SE: Wildcats Take in 'Hidden Figures,' Reflect on Movie's Importance
Feb 14, 2017 | Women's Basketball
K-State Athletics celebrates Black History Month by honoring the trailblazing achievements of past African-Americans as well as recognizing current events and activities that tie into the month's significance.
(In case you missed the first part of this series: K-State led charge in breaking racial barriers.)
In the middle of “Hidden Figures,” the Oscar-nominated movie about African-American women’s vital role at NASA during the space race, Karyla Middlebrook whispered something to Breanna Lewis that stood out.
It wasn’t the complex math being done, or the fact that African-American women were the people doing it in the 1950s and ‘60s, when segregation was still alive and gender roles in the workplace were much different than today.
What caught the attention of Middlebrook, a junior for the K-State women’s basketball team, was a series of scenes involving Katherine G. Johnson, one of the movie’s main characters. Johnson, after being assigned to a project in the Maneuver Loads Branch of the Flight Research Division, was forced to run more than half a mile from her working space to use a bathroom designated for African-Americans.

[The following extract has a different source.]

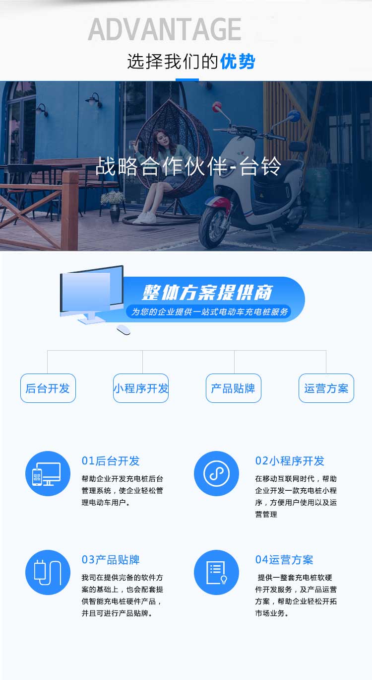 動車、智能充電樁、智能充電柜、電動車銷售與售后平臺,致力于打造一套完整的電動車生態(tài)圈,為客戶提供電動車從購買到使用、充換電及售后乖全方位的產(chǎn)品體驗(yàn)。

“I was sitting next to Bre and I was, like, ‘I don’t think I could’ve done that,’” Middlebrook said. “The discipline to not give up, even through little things like that, it kind of forces you to appreciate what people before you have done, just for simple things like being able to go to the bathroom right next to your desk.”
Middlebrook and Lewis were part of a group of K-State student-athletes to take in the movie at the Carmike Town Center and IMAX Theatre in Manhattan on Sunday. Each came away inspired in some way.
“I just think it was a great movie. I learned a lot. It informed me on a lot of things I didn’t know about,” K-State track and field sophomore Devie Freeman II said. “It’s Black History Month, too, so this is the perfect time to watch this movie and kind of put a tribute to African-Americans who did things in the past that comes to light now.”
“You get to this point in life, you grow up and you just see far we have come,” added Justin Davis, a freshman for the K-State track and field team. “It just makes us realize how much we’ve accomplished and how much we can do in the future.”
The movie, based on a best-selling book released in 2016, centers around three characters: Dorothy Vaughan, the first African-American female supervisor at NASA — NACA until 1958 — where she was also a leading engineer; Mary Jackson, who fought through school segregation to become NASA’s first African-American female engineer; and Johnson, whose work at NASA played an integral role in Alan Shepard’s journey to space, John Glenn’s orbit around the Earth and eventually Neil Armstrong’s moon landing.
Lewis, a senior for the women’s basketball team, complimented the movie for showing the behind-the-scenes work that made all of these historical achievements possible.
“‘Hidden Figures,’ it’s a great title for the movie because you see everyone who’s on TV and who’s part of things like that but you never see the people who are behind the scenes,” she said. “It informed me of things that went on behind the scenes at NASA and how it was to work there while being African-American and being part of something so big. For them to be able to succeed and to see how hard they had to work, it was really eye opening.”
Even if it was for only a few minutes, the two-hour movie put life into a different perspective for each of the Wildcats.
“It really gives me an appreciation for how grateful I am to not have to go through that and how it’s easier to get further now,” Lewis said. “They had to work harder, way harder than us, and to do that and be so successful, that was good to see.”
“For me, personally, it was very inspirational because the women in that movie, they didn’t let other people dull their shine,” Middlebrook said. “They knew their worth, they knew what they were capable of and they just found a way to do what they knew they could do. That was very inspirational.
“I think it’s really important, especially with everything going on right now, just to really look back and remember the times when things were more segregated and when we didn’t value every human being for just being a human being and realize we can’t make any regress into that. We just have to keep progressing forward. Hopefully a movie like that can help people see that more.”
Davis came away from the movie with “a lot” on his mind but said he would take one overlying theme from it.
“Never take no for an answer. If you know you can do something, then shoot for it,” he said. “Don’t ever let someone say you can’t do something.”